But the Summit Awards® was a coming out party in a second
sense, too. Ms. Ellingsen was also demonstrating to her new
peer group that she's an artist as well as an engineer, and
her head study, a clay sculpture with blue patina, was the
first display of her artwork before a large group.
"Each art piece is only one perspective on the truth,
and that's a heck of a lot better than none," quips Ms.
Ellingsen, who recently began a consulting venture, SLE Test
Engineering. "My artistic work is an exploration of form
and planes in space, an expression of the three-dimensional
and the natural flow of movement, all caught for a moment
in solidity."
She and her partner of 22 years, a psychologist, operate their
practices from a commercial property in Calgary's Inglewood
district, and Ms. Ellingsen plans to add an art studio.
The figure most interests Ms. Ellingsen, the artist, and she's
drawn and painted many of them in pencil and in oil. But the
medium she enjoys most is clay and sculpture. The electrical
engineer has completed fired clay sculptures, as well as cement
and Bondo castings. Now that she's finished a welding class,
she looks forward to venturing into another style of sculpture.
For the second year in a row, she'll show her work at the
Summit Awardsâ. Building on the success of last year's
show, APEGGA is again using the gala as a venue for the artwork
of Association members and their families. The awards gala
takes place April 25 in Calgary in conjunction with the APEGGA
Annual Conference.
The Path She Travels
For Ms. Ellingsen, the confirmation that she's an artist is
part of what some would consider an unusual journey. In 1975
she graduated with a bachelor of arts degree in social psychology
with a minor in visual art. "Although the arts faculty
was the simplest choice to make, coming straight out of high
school with no role models, I will always value this degree.
It gave me a matrix of perceiving and analyzing the world
we live in, and it gave me the tools to consciously live an
examined life," she says.
Her social services work took her to group homes, street shelters
and seniors' private homes. She's also been a mechanical draftsperson
and a graphic artist.
Two decades in the data telecommunications industry - with
Cell-Loc Inc. and Novatel Wireless in Calgary, Harding Instruments
in Edmonton and Develcon Electronics in Saskatoon - provided
her with an electronics technical background.
In the 1990s she took a leave of absence to earn her bachelor
of science degree in electrical engineering, and in 2002 she
became a P.Eng. "I'd determined that I should move up
from a technical track position to an engineering professional
because I needed more challenge, responsibility, autonomy
and opportunities to learn," Ms. Ellingsen explains.
"Looking backwards down my career path, I see every step
built on the step before. My path is linear, although it walks
across conventionally defined boundaries. On the one hand
I find myself always positioning myself for change, on the
other I am always surprised at the content of that change
- and that I've found the bravery to accomplish it."
Two Kinds of Commitment
Professional changes and challenges find a complement in Ms.

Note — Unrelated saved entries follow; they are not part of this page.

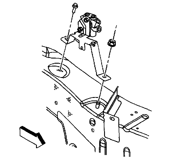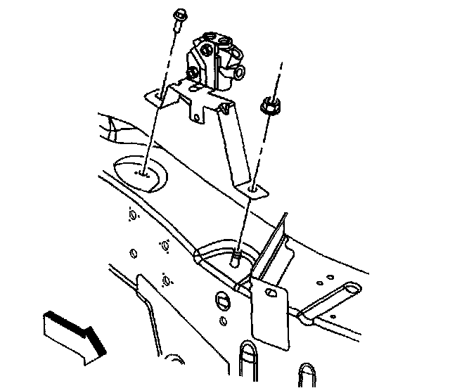 8. Remove the proportioning valve assembly bracket mounting nut and mounting bolt.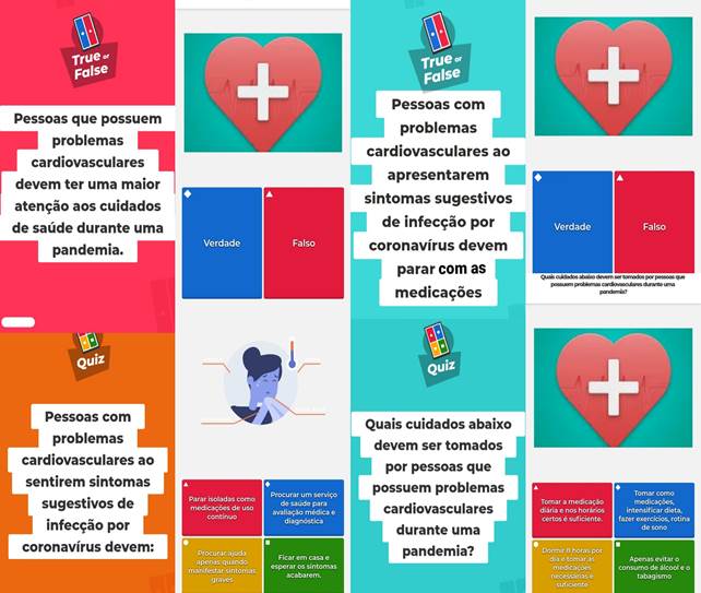 O QuizziCardio trata-se de um jogo que aborda inicialmente questões sobre a infecção por COVID-19 (local de início, tempo de incubação, modo de transmissão e prevenção) e em seguida, é abordado as formas e maneiras de cuidados com a saúde cardiovascular durante a pandemia trazendo questões sobre a prática de hábitos saudáveis (alimentação saudável, prática de atividade física, importância da rotina de sono, lazer). Este conteúdo foi inserido em 25 perguntas e sua aplicação com uma linguagem clara e objetiva para a compreensão de todos os públicos.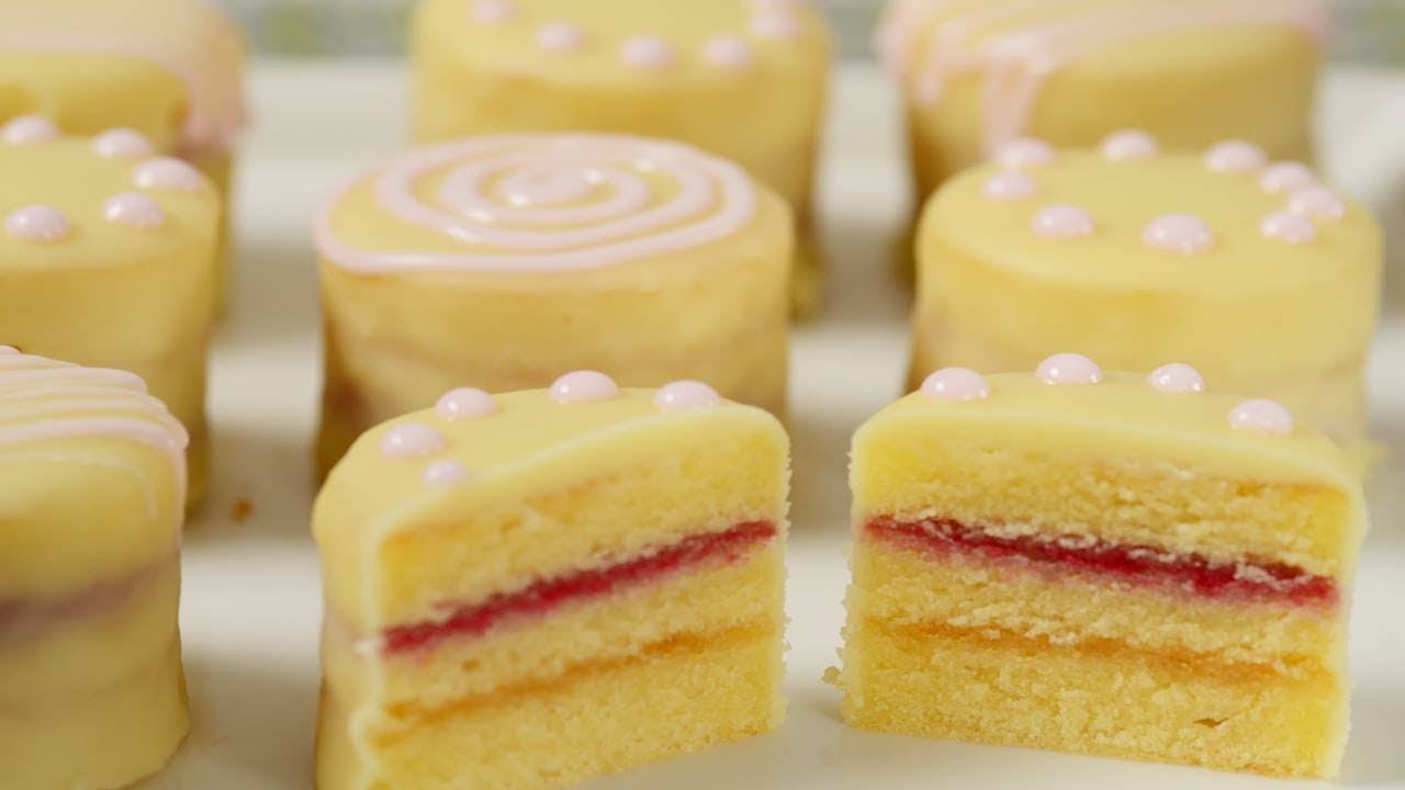 Recipe here: Stephanie Jaworski of Joyofbaking.com demonstrates how to make Petit Fours. For this recipe we’re making Petit Fours Glacé as they consist of three layers of almond cake that are filled with a layer of apricot preserves and raspberry preserves and then covered in a white chocolate glaze. The final touch is to decorate each cake with a drizzling of royal icing.

Ellingsen's art. "Both art and engineering ask for concentration
and commitment. But my technical activities involve planning,
analysis, compartmentalizing, strategizing, whereas my artistic
endeavours draw my focus into the moment. The physical demands
of hand-eye coordination pull for a personal clarity, a synthesis
of head with heart or gut.
"Working in these two areas gives my personal life balance.
Channelling artistic as well technical expression through
my brain nurtures crossing conventional boundaries for innovative
problem-solving." That enhances "personal participation"
in her profession.
The Calgarian found last year's show rewarding and encourages
other APEGGA artists to display their work. "I overlapped
circles I've normally kept separate, and I received wonderfully
positive regard. I had fun, made good connections and left
to explore the possibilities of an integrated artist/technical
professional."
For those professionals who haven't bridged their lives into
the arts, Ms. Ellingsen offers the following two quotes as
inspiration:
"A great deal of talent is lost to the world for
lack of a little courage."
-Cushing
"Whatever you can do, or dream of doing, begin it.
Boldness has magic, power, and genius."